What others say: An about face on exploration tax credits

  • Tuesday, July 21, 2015 3:41pm
  • Opinion

Can you guess who said this?

“We need to incentivize. We need to do on the North Slope what we did in Cook Inlet. We incentivized specifically for more companies to come in on the front end and created the credit program.

“I worry about heavy oil. I worry that the biggest known resource on the North Slope is heavy oil. We have to incentivize that. I want to see 50 or 60 companies on the North Slope, as they do in Norway.

“They have a much higher tax structure in Norway but they have 50 or 60 companies because they help on the front end, on the exploration credits. We need to level the playing field so smaller companies can come to Alaska. It’s very expensive to do business on the North Slope.

“We’re fortunate to have the large companies we do have, but we need to look for ways we can reduce the costs so it’s more economic for the smaller companies to come to Alaska, create jobs, create opportunity and drill for oil. We need more wells drilled outside the legacy fields to get more oil for the pipe.”

Followers of Alaska politics will recognize the reference to the idyllic oil regime of Norway is a giveaway that the speaker is Gov. Bill Walker, who is always pining for the fjords when it comes to measuring our tax policy against other resource states.

Walker made those comments in one of the last debates against former Gov. Sean Parnell hosted by the Anchorage Rotary last Oct. 28.

The answer was in response to a specific question asked of Walker about what he would do to increase production in the face of falling oil prices that at the time were $82 per barrel for North Slope crude and have since declined to less than $60.

While the price picture has gotten uglier, the state budget situation was clear at the time with several years of multi-billion dollar deficits facing the next governor.

In this issue we carry Walker’s defense of his $200 million veto of the exploration tax credit appropriation to cap this fiscal year’s spending on the program at $500 million.

Walker asserts his move — which came with no warning to explorers who have earned the credits and made investment decisions based on them — is in response to Alaska’s “new” fiscal reality.

Either Walker hasn’t been paying attention — which we know isn’t the case — or he’s hoping the public hasn’t.

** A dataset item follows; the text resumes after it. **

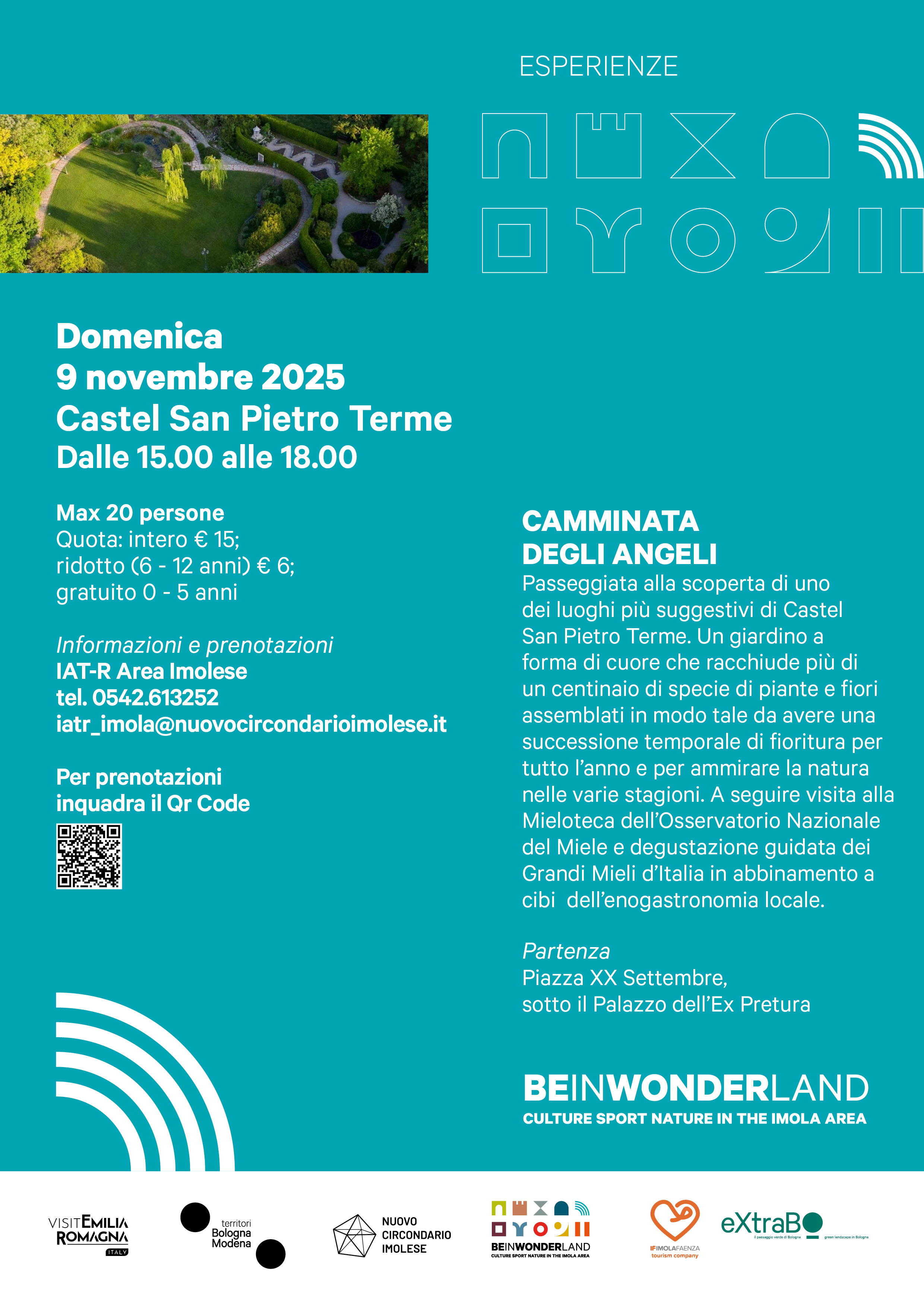 Il Nuovo Circondario Imolese, all'interno del contenitore "BeInWonderland", organizza la “Camminata degli Angeli”, un percorso ad anello di circa 5 chilometri che attraversa alcuni dei luoghi più significativi e suggestivi di Castel San Pietro Terme, alla scoperta delle perle del nostro territorio.
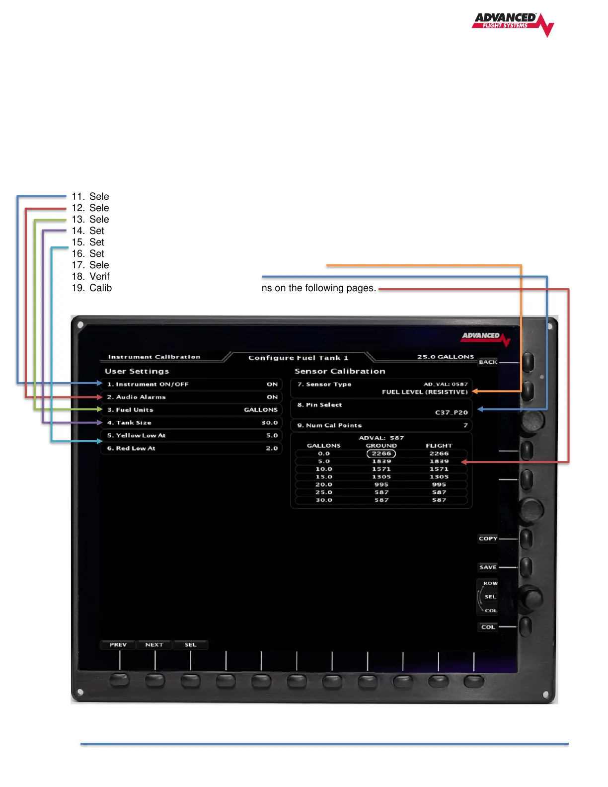 11. Select Instrument ON or OFF All the unused fuel tank gauges should be configured to OFF

There’s nothing about Alaska’s fiscal situation that wasn’t known last October when he made his comments to the Rotary. Or when Walker submitted his budget to the Legislature in January. Or when Democrats were pitching this exact move in May while the first and second special legislative sessions were ongoing.

Once again, Walker is winging it and in this instance his mouth is writing postdated checks that can’t be cashed. As he concedes in his column, the veto does nothing to change Alaska’s “new” fiscal picture, it simply kicks a $200 million can down the road one fiscal year.

The about face on exploration tax credits that incentivize production is particularly ironic given Walker’s opposition to Senate Bill 21, passed in 2013 and upheld by voter referendum in 2014, which repealed the far more generous tax credits under the previous system known as ACES.

Under ACES, which had a 20 percent capital expense credit, the state would have been on the hook to ExxonMobil for $800 million in credits based on the estimated $4-billion cost of the Point Thomson project set to begin production in 2016.

That’s leaving out the fact the state took in more revenue under SB 21 than it would have under ACES at these depressed prices.

If Walker had his way on SB 21, the state budget situation would be worse than it is today. Now that he has gotten his way with his veto pen, next year’s budget situation is worsened by his deferral of $200 million in tax credit payments that will have to be paid sooner or later.

In exchange for these non-existent savings and weakening industry confidence in the state’s word, Walker gets to start another “discussion.”

What a deal.

Myopic doesn’t begin to describe it.